Discovery White Paper Short

Original Longer Version

Title: A Lightweight Approach to Earth Science Data Discovery

Authors: The Earth Science Information Partners Discovery Cluster (ESIP-DC)

Points of Contact: Ruth Duerr, rduerr@nsidc.org, Chris Lynnes, christopher.s.lynnes@nasa.gov, Mark Parsons, parsonsm@nsidc.org, Chris A. Mattmann, chris.a.mattmann@nasa.gov, Hook Hua, hook.hua @ jpl.nasa.gov

The Challenge and Vision

To truly understand the Earth system requires that we integrate increasingly diverse and complex data from all disciplines. But first one must find the data and see if they are useful. These seemingly simple first steps to data integration and workability remain significant challenges especially when seeking data across myriad disciplines, each with their own cultures of data collection, structure, and description. Traditional cataloging methods to enable discovery are reliant on cumbersome centralized registries, do not scale across disciplines, and do not allow adequate description of data to diverse audiences.
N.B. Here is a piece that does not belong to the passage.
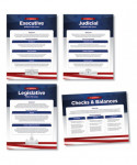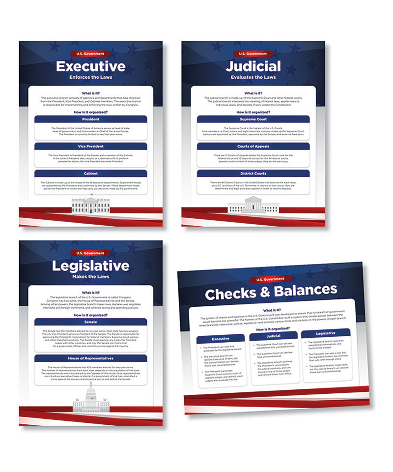 Provide students a general overview of the U.S. Government with this set of four 17″ x 22″ (43.2 x 55.9 cm) posters. Three posters explain the branches of government, while the fourth focuses on the checks and balances set forth by the U.S. Constitution.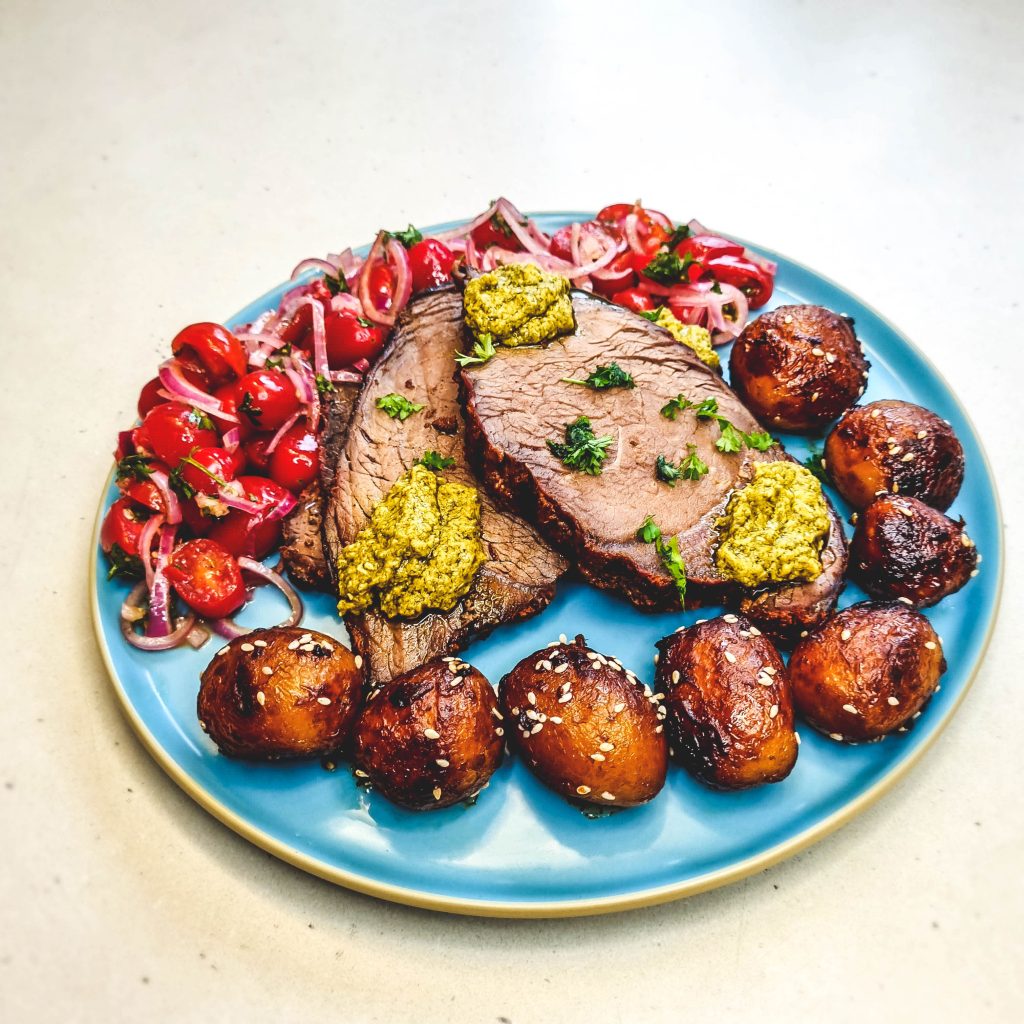 5. Traukiam lauk. Paliekam truputį pailsėti. Pjaustom griežinėliais ir pateikiam su medumi glazūruotomis bulvytėmis.

The Federation of Earth Science Information Partners (ESIP) have, instead, developed a basic, grassroots, federated approach to discovery that does not rely on centralized registries. Further, we recognize that data are often useless without associated services, so we also enable discovery of data services and associate those services with relevant data.

Requirements

The overarching requirement is for diverse audiences to be able to find data they need, discover data they did not initially realize they needed, and to assess the usefulness of the data. Data could come from any domain and consist of anything from a real time image streaming from a satellite to the in-depth knowledge of an Indigenous hunter.

ESIP partners come from many domains and serve very different users. A sub-group, the ESIP Discovery cluster assembled collective experience of use case development, usability testing, and interaction with different users and providers to create a generalized scenario that illustrates broad data and service discovery.

An investigator starting a new project uses her favorite data portal to obtain a list of data and services meeting her spatial, temporal, and free text criteria. The portal conducts a search across a wide variety of services and data centers providing data that is of interest to the investigator. The results contain any advertised data set meeting her criteria no matter whether the data is held by an individual investigator or one of many data services around the world.
The investigator examines several data sets and subscribes to be notified whenever new services or updates for those data sets become available.
The investigator also subscribes to be notified when a new data set meeting her query criteria is available.
The investigator finds results from two locations that are of interest. She retrieves the data from the first location using the link to the data set provided.
While perusing service descriptions available for one of the data sets, the investigator sees that a useful specialized service is available. For example, she might discover a granule (e.g., file) level OpenSearch service produces KML output compatible with their favorite GIS analysis tool, so she uses that tool to browse the latest data, decide that the data is adequate, and download it all from within their analysis environment using a well-known protocol such as OPeNDAP (Open-Source Network for a Data Access Protocol) or Web Coverage Service.
One morning, while perusing their feed reader, the investigator becomes aware that a new data set meeting her criteria has been published. They examine that data set and add it to their data set subscriptions.
The investigator examines the services available for the new data set and is disappointed to find that no granule OpenSearch or equivalent service is available but that one is planned. They subscribe to receive service updates for the data set.
Eventually the service she was interested in is released and they are automatically notified of that event.
As a part of her work, the investigator generates a new data set that she decides should be published. She chooses to use an open-source web-based tool to announce availability of the data.
Special purpose aggregation crawlers (for example one aggregating all geologic data) discover the new data cast while searching the web and add the data cast to their aggregations. Other investigators who subscribed to those aggregators are notified of the new data and may access the data or contact the investigator.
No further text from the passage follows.